ARID1B is the most frequently mutated gene in monogenic de novo neurodevelopmental disorders (NDDs), with an approximated prevalence of one in 9,500 individuals. ARID1B-related disorder (ARID1B-RD) manifests in early childhood as moderate to severe developmental delay, and affected children and adults have intellectual disability (ID) and are often diagnosed with autism spectrum disorder alongside many other clinical signs. Despite ARID1B-RD’s high prevalence and extensive debilitating effects, the current understanding of the disorder’s developmental trajectories is strikingly limited. 

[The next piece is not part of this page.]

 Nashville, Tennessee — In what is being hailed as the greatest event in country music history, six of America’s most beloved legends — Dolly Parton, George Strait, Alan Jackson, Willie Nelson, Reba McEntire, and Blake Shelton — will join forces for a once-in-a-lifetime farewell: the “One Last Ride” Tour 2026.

The proposed project will address this gap by employing a prospective longitudinal multi-method design. Its primary objectives are twofold: firstly, to establish a comprehensive, integrative understanding of the development of ARID1B-RD encompassing all relevant functional domains and physiological systems and; and secondly, to characterize multiple traditional and novel clinical endpoints for upcoming targeted ARID1B-RD clinical trials. Additionally, the project seeks to identify biosignatures of ARID1B-RD that may be utilized for stratification and prediction of the disorder’s progression. To attain these objectives, we will monitor the development of 135 children and adolescents with ARID1B-RD in seven sites, for 30 months. Monitoring will involve (a) bi-annual standardized NDD assessments conducted by clinicians, supplemented by caregivers’ reports; (b) evaluation of ARID1B-RD-specific biomarkers, including EEG, episignatures, proteomics and facial phenotype; and (c) collection of ecologically valid data based on caregivers’ reports and wearables tapping into motor and language development. 

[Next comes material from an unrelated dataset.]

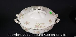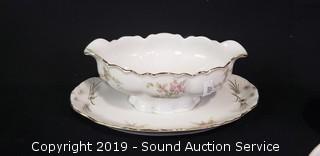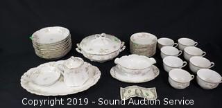 Includes: 8 Cups, 10 Saucers, Gravy Boat, 8" Covered Serving Bowl, 10" Platter, (11) 8" Bowls, Sugar Dish & 5" Bowl.

The project team brings a diverse set of complementary state-of-the-art expertise and collaborates with leading patient advocacy organizations. The collected data will allow identifying and cross-validating clinical endpoints, and serve as an external historical control, thus facilitating the development of effective therapeutics for thousands of children worldwide. Moreover, the methods implemented as part of the project will serve as an exemplar for future multi-national/lingual natural history studies for NDDs.